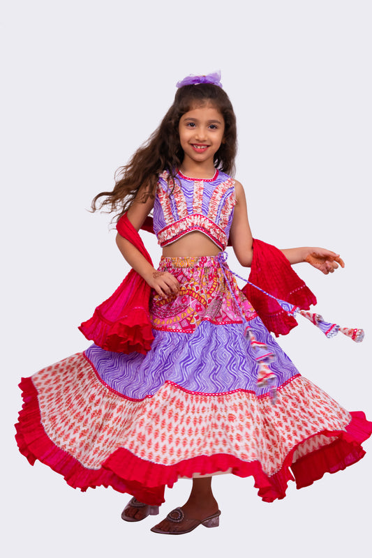 Elaisha Woven Cotton Sleeveless All Over Printed Top With Printed Lehenga-Lavender & Pink
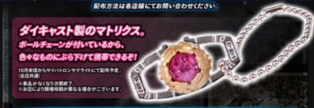 This matrix keychain is a campaign exclusive, limited to just 200 pieces worldwide! Works with your Optimus Prime MP-10 figure, and comes with a purple tint and is made of die-cast metal and plastic. MP-10 Figure sold separately. Additional photos courtesy of Alfies2000's blog! Note: 200 pieces of each of the matrix colors will be made.
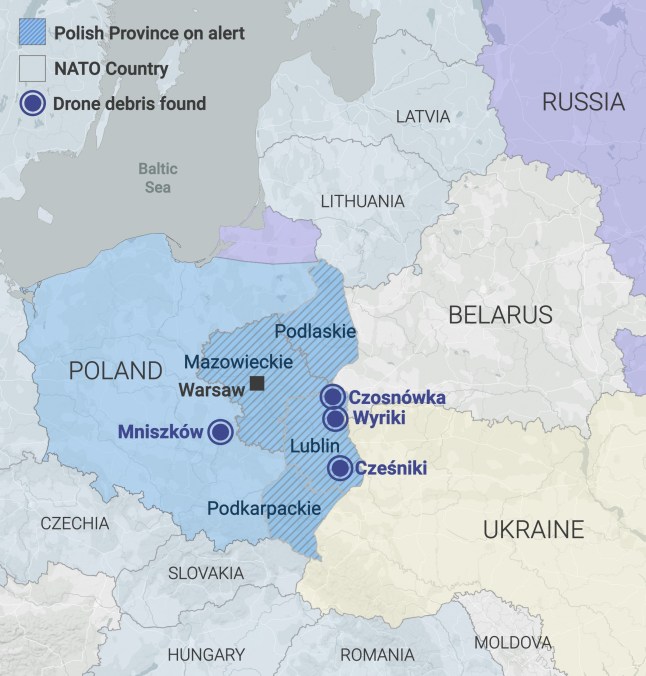 A map showing where drone debris was discovered in Poland last week (Picture: Metro)
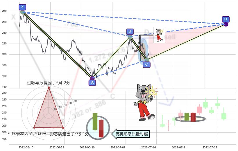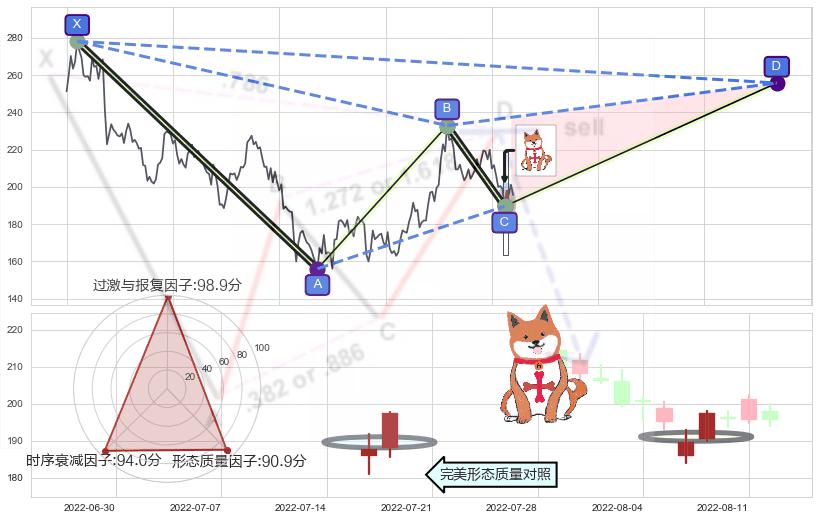 ➣ 未完成【伽利】形态起点X: 2021-10-13, 已到达C点: 2022-08-08, 预测最终D点: 2023-02-02, 共329交易日
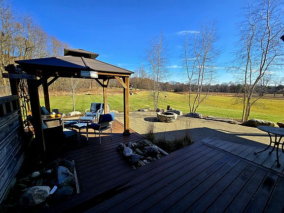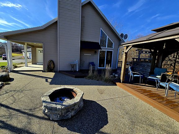 Outside is a beautiful patio with a built-in fire pit perfect for relaxing evenings, entertaining friends, or enjoying the quiet beauty of the property.
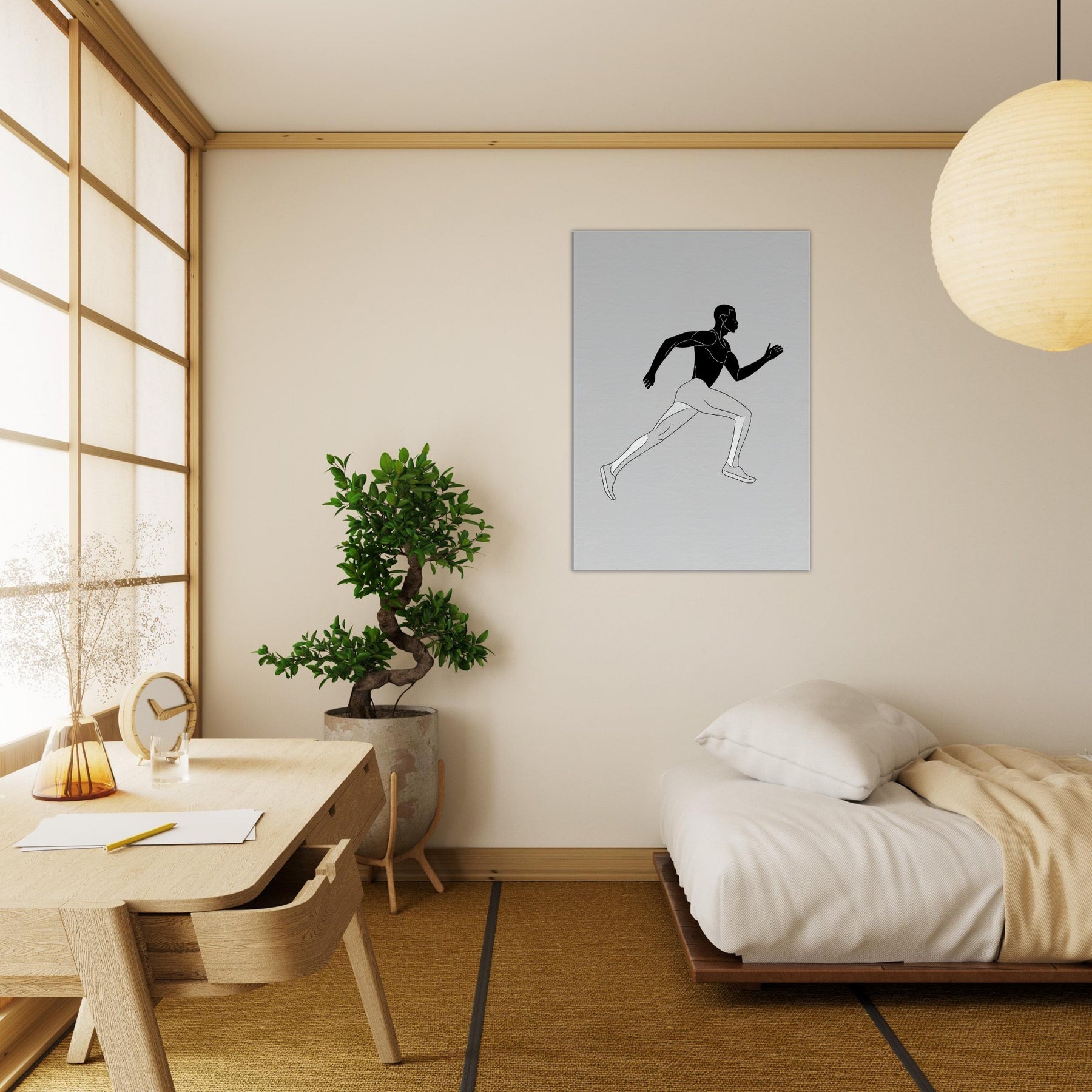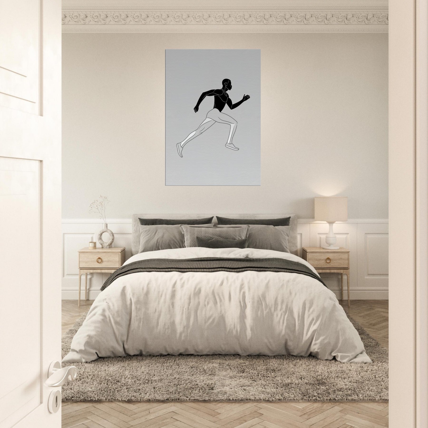 This line art captures the Runner in Motion with breathless grace. Black contours carve motion across a pale field, where stillness and speed coalesce into a single, elegant gesture. The minimal, continuous lines invite the eye to follow each stride, turning kinetic energy into a meditative moment. Perfect for a living room or hallway, it adds kinetic elegance, refined contrast, and a modern, contemplative mood that heightens the space without shouting.

|---|

* Problem statement *
Begin at the first line of the records and please reproduce every line exactly through the one containing "A map showing", leaving all pictures out.

* Task solution *
 Elaisha Woven Cotton Sleeveless All Over Printed Top With Printed Lehenga-Lavender & Pink
 This matrix keychain is a campaign exclusive, limited to just 200 pieces worldwide! Works with your Optimus Prime MP-10 figure, and comes with a purple tint and is made of die-cast metal and plastic. MP-10 Figure sold separately. Additional photos courtesy of Alfies2000's blog! Note: 200 pieces of each of the matrix colors will be made.
 A map showing where drone debris was discovered in Poland last week (Picture: Metro)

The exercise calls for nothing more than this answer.